I remember, with bitter nostalgia, my time as the dominant party in this rivalry.
From my teens until my late twenties, I was assertive with sleep, stern in guarding my boundaries. In a week, I could get by on 30 hours of sleep… several short, productive nights, followed by a low-key “catch up” night, and then back into the fray. I don’t know whether it affected my life expectancy, but it gave me a feeling of control over my time, and I got a lot of writing and gaming and movie-watching and exploring done.
I have a kid now… a toddler, a fucking dream come true of a little girl… and I’ve lost a lot of leverage in these negotiations with Sleep. Even when the little one’s not waking up for comfort in the scarce morning hours, she gets up at 6:30 AM — always, like a milk-crazy alarm clock — so I can’t have those short Saturdays and Sundays any more, where I lose a whole half-day to the blissful, achy shame of daytime slumber.
You know how parents always seem to have these uptight, early-bedtime, high maintenance sleep habits? Well, there’s a reason for that: having a child changes your whole economy of time and energy. It’s such a humbling, such a paradigm shift, it’s hard to imagine it could possibly be worth it, unless you’ve actually had the experience (where you suddenly realize it’s “worth” pretty much anything).

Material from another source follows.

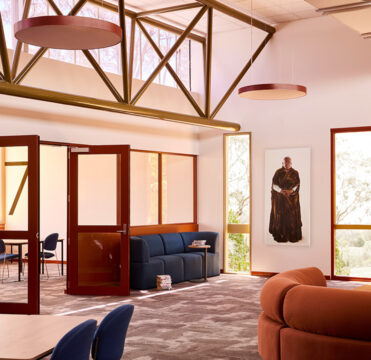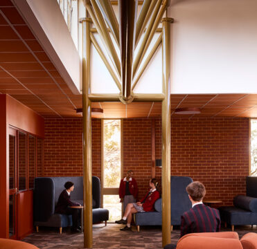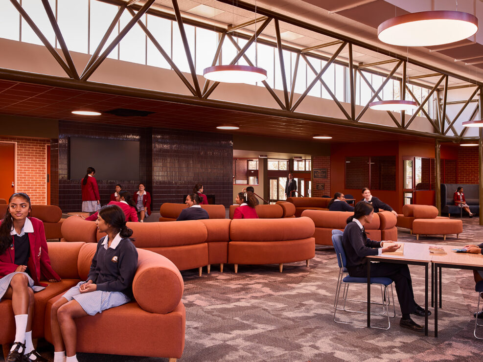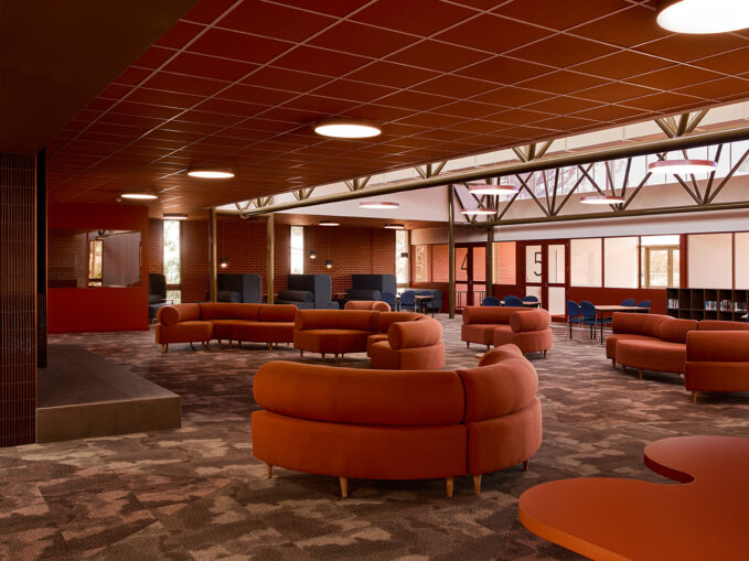 The design celebrates the building’s industrial skeleton, highlighting exposed steel trusses in high-gloss green while drawing the “outside in” by echoing the site’s heritage fretwork and terracotta rooflines. Eschewing literal branding, the palette uses plush blue and terracotta seating to provide a nuanced complement to the school’s uniforms. This earthy base is punctuated by playful interventions, such as light pink door frames against heavy original brickwork.

She looks so peaceful in her crib, and she’s so happy when she’s sleeping well, it’s easy to forget that Sleep and I haven’t resolved our antagonism. It’s up to me to mediate that Daughter/Sleep relationship, after all… creating a “good relationship” with Sleep, i.e. creating good sleep habits, is a imperative parenting role.
But I need to remind myself: Sleep isn’t always a friend. We foster these good sleep habits so the little girl has an opportunity to be on good terms with Sleep, so Sleep is ready to help us take care of her. But we are not here to force it on her. And seeing her and admiring her peaceful breathing when she’s asleep? That “Ah, she’s so perfect” moment? That’s for my own satisfaction, not purely for her well-being.

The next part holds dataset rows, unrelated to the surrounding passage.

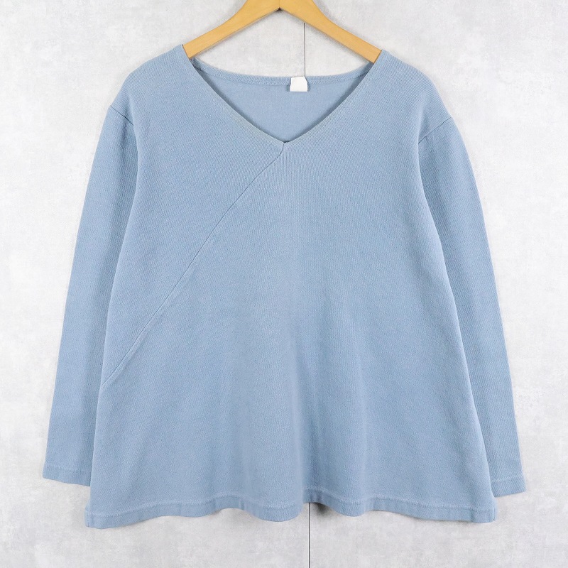 80〜90's USA製 Vネック コットンプルオーバーカットソー L [163451]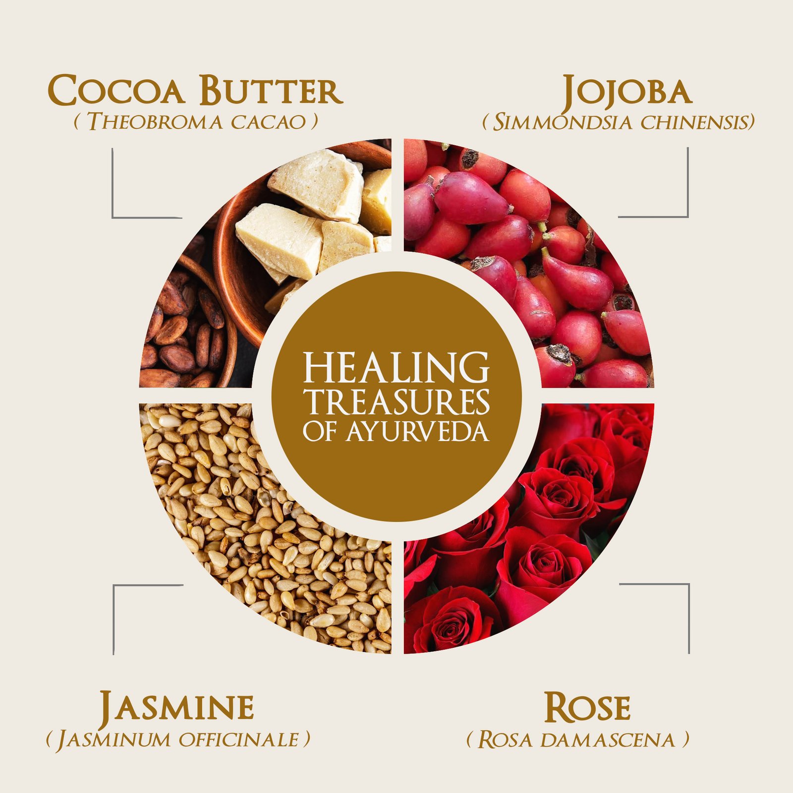 Virgin Coconut Oil, Jojoba, Cocoa Butter, Jasmine, Rose, Vitamin E.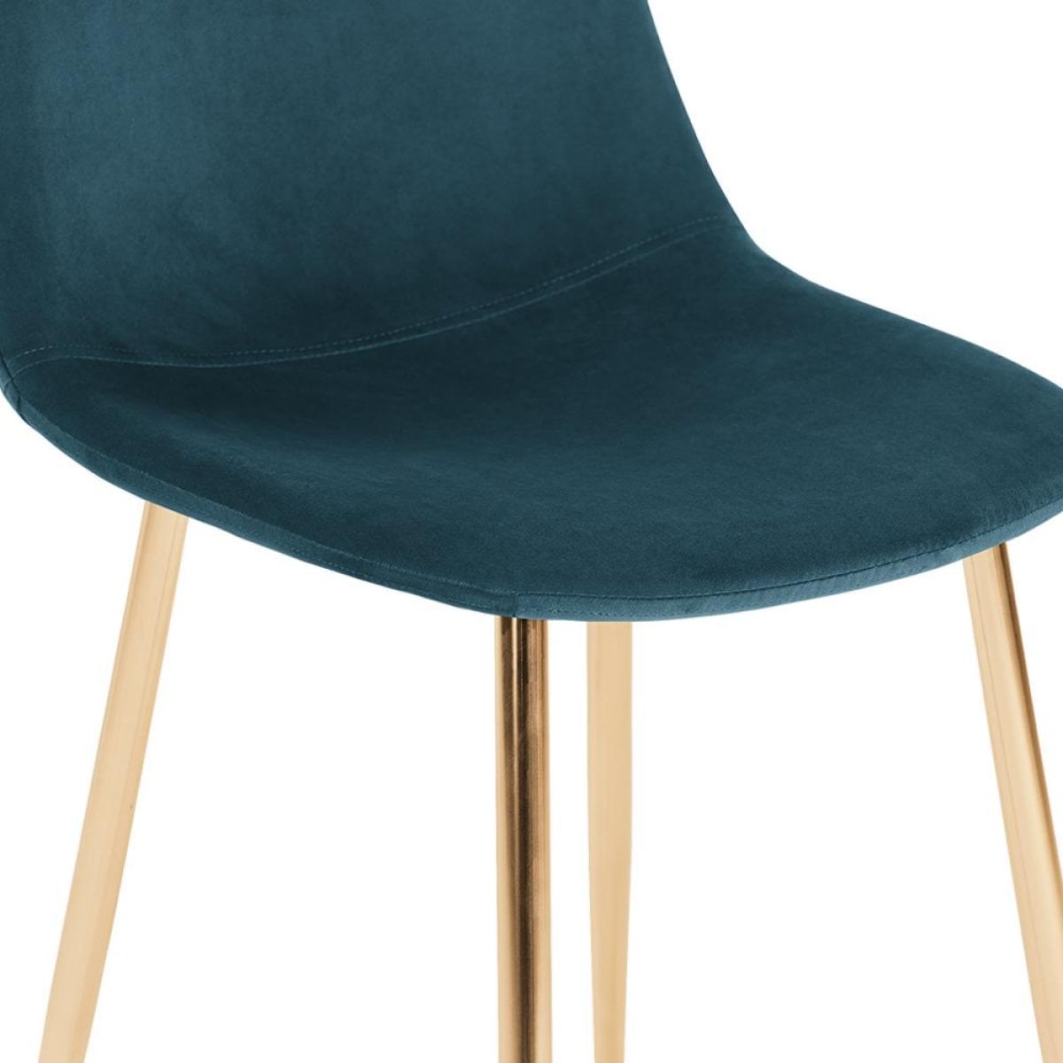 I really like this chair's rich midnight blue velvet upholstery, which adds a touch of luxury without feeling overly formal. The brass legs give it a modern edge, making it versatile for both contemporary and eclectic interiors. It works particularly well in mid-century inspired dining rooms or as a statement piece in a more minimalist space. For styling tips, consider pairing it with a glass or marble dining table to highlight the brass legs, or introduce complementing accessories like gold-toned tableware or cushions in complementary colours for visual interest. Its deep hue can anchor bold colour schemes or provide a sophisticated contrast in softer, neutral environments.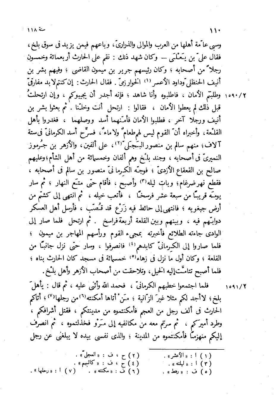 وسبى عامة أهلها من العرب والموالي والذراري، وباعهم فيمن يزيد في سوق بلخ، فقال علي بْن يعلى- وكان شهد ذلك: نقم على الحارث أربعمائة وخمسون رجلا من أصحابه، وكان رئيسهم جرير بْن ميمون القاضي، وفيهم بشر بْن أنيف الحنظلي وداود الأعسر الخوارزمي فقال الحارث: إن كنتم لا بد مفارقي وطلبتم الأمان، فاطلبوه وأنا شاهد، فإنه أجدر أن يجيبوكم، وإن ارتحلت قبل ذلك لم يعطوا الأمان، فقالوا: ارتحل أنت وخلنا ثم بعثوا بشر بْن أنيف ورجلا آخر، فطلبوا الأمان فآمنهما أسد ووصلهما، فغدروا بأهل القلعة، وأخبراه أن القوم ليس لهم طعام ولا ماء، فسرح أسد الكرماني في ستة آلاف، منهم سالم بْن منصور البجلي، على ألفين، والأزهر بْن جرموز النميري في اصحابه، وجند بلخ وهم الفان وخمسمائة من اهل الشام، وعليهم صالح بْن القعقاع الأزدي، فوجه الكرماني منصور بْن سالم في أصحابه، فقطع نهر ضرغام، وبات ليله وأصبح، فأقام حتى متع النهار، ثم سار يومه قريبا من سبعة عشر فرسخا، فأتعب خيله، ثم انتهى إلى كشتم من ارض جبغويه، فانتهى إلى حائط فيه زرع قد قصب، فأرسل أهل العسكر دوابهم فيه، وبينهم وبين القلعة أربع فراسخ ثم ارتحل فلما صار إلى الوادي جاءته الطلائع فأخبرته بمجيء القوم ورأسهم المهاجر بْن ميمون، فلما صاروا إلى الكرماني كابدهم فانصرفوا، وسار حتى نزل جانبا من القلعة، وكان أول ما نزل في زهاء خمسمائة في مسجد كان الحارث بناه، فلما أصبح تتامت إليه الخيل، وتلاحقت من أصحاب الأزهر وأهل بلخ.

The girl might love Sleep, like her mommy. That would be fine with me. But she also might fight with it, resent it, keep her distance from it. She deserves that chance, too.
So I’m not going to surrender to Sleep. I’m not going to bow down, promise her my Witching Hours in return for comfort and consistency. I will keep resisting her, at my own discretion, until the day when she wins that final battle and my eyes close forever. I think, after this lifetime of short nights, I’ll be able to appreciate that restful eternity even more.